Instead, the network fabric may be provisioned for tenants on a per-tenant Qos basis using what is introduced herein as a queued local area network (QLAN). A QLAN incorporates aspects of a virtual LAN (VLAN), and adds control over link access rate while supporting virtualization for a large number of tenants. FIG. 2b illustrates a Clos network that is provisioned for shared access as a QLAN.

In this illustration, the tenant T1 is provisioned within the network with 4 ports having a bandwidth allocation for each port. Such a uniform allocation may be referred to as a “hose.” The tenant T1 is identified with a QoS tad that is carried in the packet. The QoS tag provides a large namespace that supports many distinct tenants.

Traffic rates can be managed ether within or outside the network. Traffic is managed outside the network by host software, such as a hypervisor, when multiple software-based tenants share host hardware. Host-based management controls traffic rates at fabric ingresses and reduce the need for in-fabric management. Traffic rates are managed within the fabric by switches that are enhanced to support QLANs.

Each QLAN defines a tree that carries traffic from sources to destinations. A feature of the QLAN is demonstrated in situations when too much tenant source traffic is sent to tenant destinations having too little capacity. In this case, packets are dropped before disrupting other tenants sharing the network. This may be implemented using a rule (r).

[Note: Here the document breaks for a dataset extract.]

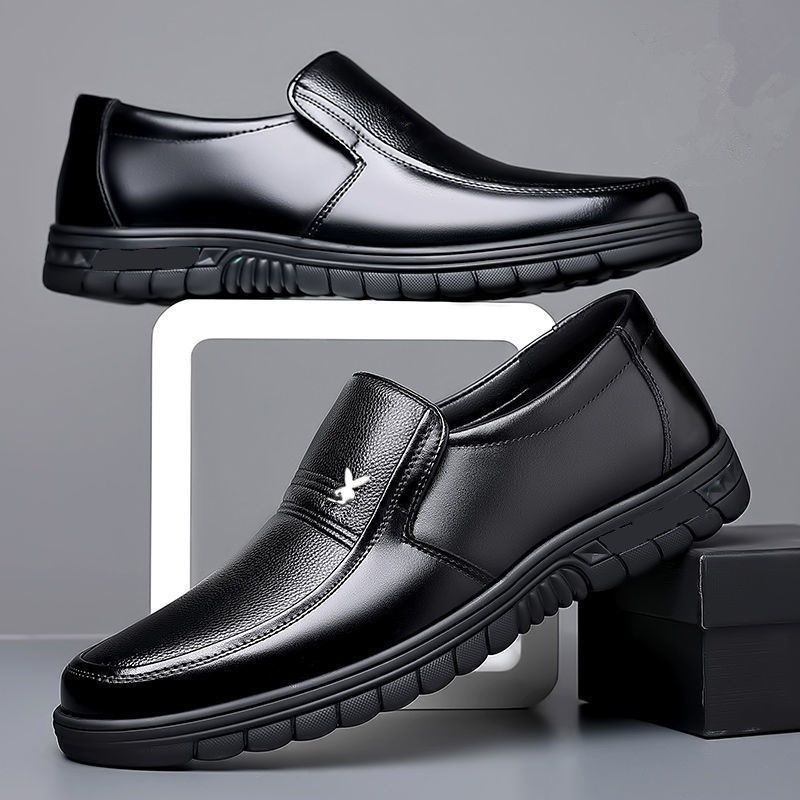 【真皮牛皮】新款男士皮鞋男商务休闲真皮软底套脚中老年爸爸鞋子

In an example, the rule states that the allowed bandwidth for accessing an egress link is the lesser of the sum of sources that supply traffic to a link through the switch and, the sum of destinations that are reached by that link. The rule exploits a network-wide understanding of the tenant SLA, the physical network topology, and a chosen allocation for network resources to provide a static and local per-port bandwidth allocation needed to support tenant communication. This local rate supports legitimate worst case tenant traffic.

In the illustration shown in FIG. 2b, traffic from tenant T1 is managed using traffic rate limiters that control the egress ports that are traversed by the tenant's communication traffic. Fabric-edge ports are managed by hypervisors, and interior ports are managed by switches. This approach controls the allowed egress rate at every egress port leading to a bandwidth-limited network link. It can be seen in FIG. 2b, that each tenant is receiving communication bandwidth in the network according to the agreed upon QoS. That is, both tenants T1 and T2 are forced to be “well-behaved” tenants driving one out of two (1/2) units of communication traffic from each of the ports to the destination port d2 in FIG. 2b.

FIG. 3 is a node diagram 300 illustrating example port switching rates for network provisioning. In this example, three edge switches 310a-c and three top switches 320a-c are provided in the fabric for two tenants T1 and T2. Traffic for tenant T1 is shown as dashed lines in the fabric, and traffic for tenant T2 is shown as solid lines in the fabric.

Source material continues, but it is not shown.